* INSTRUCTIONS FOR THE TASK
Reproduce the line with "Conveniently located reverse" and everything after it in the listing below, exactly, both ends included. No pictures.

Start of COLLECTED DATA

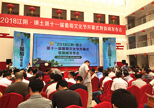 7月28日,朝阳股份水果市场应邀参加了“2018江阴·璜土第十一届葡萄文化节开幕式暨新闻发布会”。此次活动由中共江阴璜土镇委员会和江阴璜土镇政府主办,无锡市、江阴市及辖属镇、村相关部门领导、葡萄种植户代表、批发市场经销代表、电商代表及各大媒体记者出席了会议。
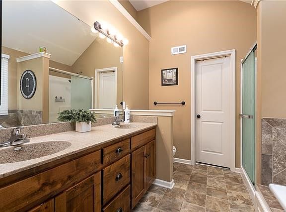 Conveniently located reverse 1.5 story home is located in a newer subdivision near schools, shopping, and entertainment. The open floor plan features wood floors throughout the living room with a fireplace and into the kitchen and eating area. A combination kitchen and eating area offers a breakfast bar, stainless steel appliances, and an abundance of stained cabinetry with granite countertops. The owner's suite with vaulted ceiling features a well-designed bath with double vanities, tub, separate shower, and an oversized walk-in closet. The first level 2nd bedroom can easily double as a home office. The lower level walks out and includes, bedrooms 3 and 4, full bath, and rec room. 2021-08-13
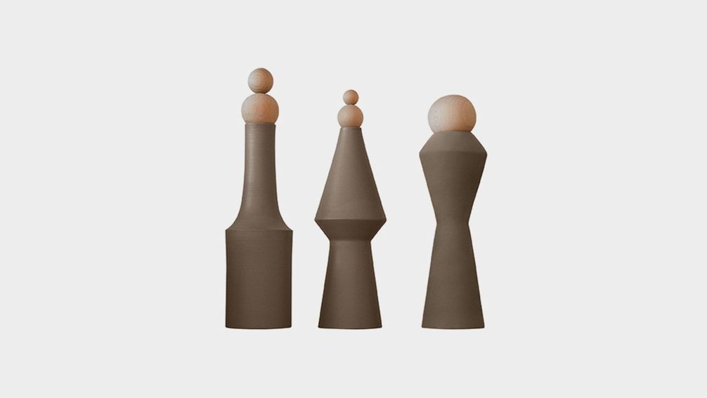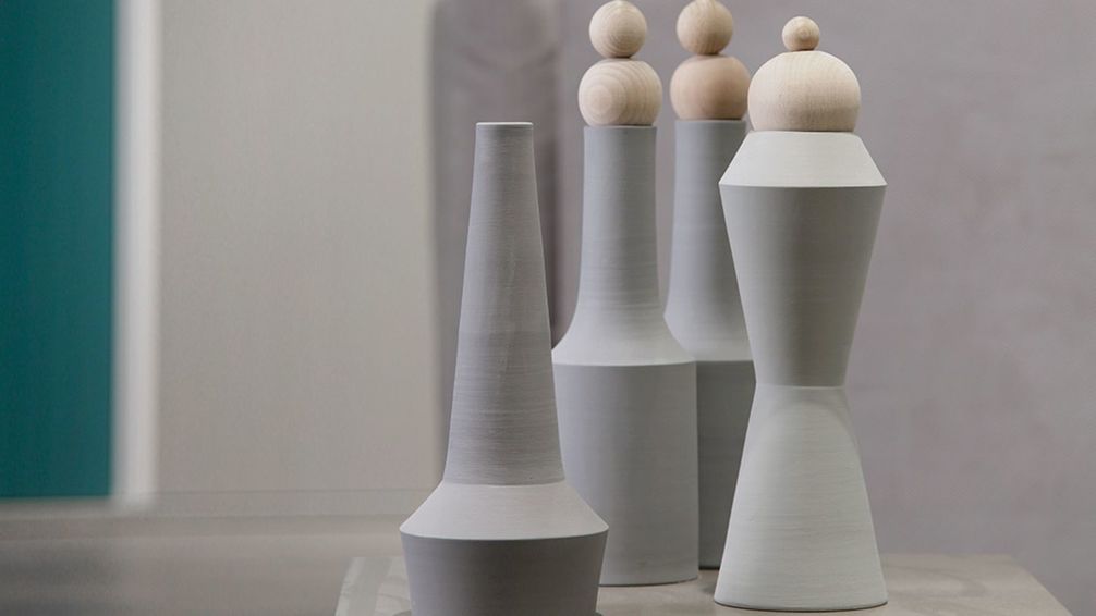Комплект из 3 декоративных бутылок Teddy из керамики ручной работы с окраской холодным методом. Разные цвета и размеры. Сферическая крышка из дерева. Материал: Керамика. Размер H. 23cm. x ø 9cm.

End of COLLECTED DATA

* ANSWER BOX
 Conveniently located reverse 1.5 story home is located in a newer subdivision near schools, shopping, and entertainment. The open floor plan features wood floors throughout the living room with a fireplace and into the kitchen and eating area. A combination kitchen and eating area offers a breakfast bar, stainless steel appliances, and an abundance of stained cabinetry with granite countertops. The owner's suite with vaulted ceiling features a well-designed bath with double vanities, tub, separate shower, and an oversized walk-in closet. The first level 2nd bedroom can easily double as a home office. The lower level walks out and includes, bedrooms 3 and 4, full bath, and rec room. 2021-08-13
Комплект из 3 декоративных бутылок Teddy из керамики ручной работы с окраской холодным методом. Разные цвета и размеры. Сферическая крышка из дерева. Материал: Керамика. Размер H. 23cm. x ø 9cm.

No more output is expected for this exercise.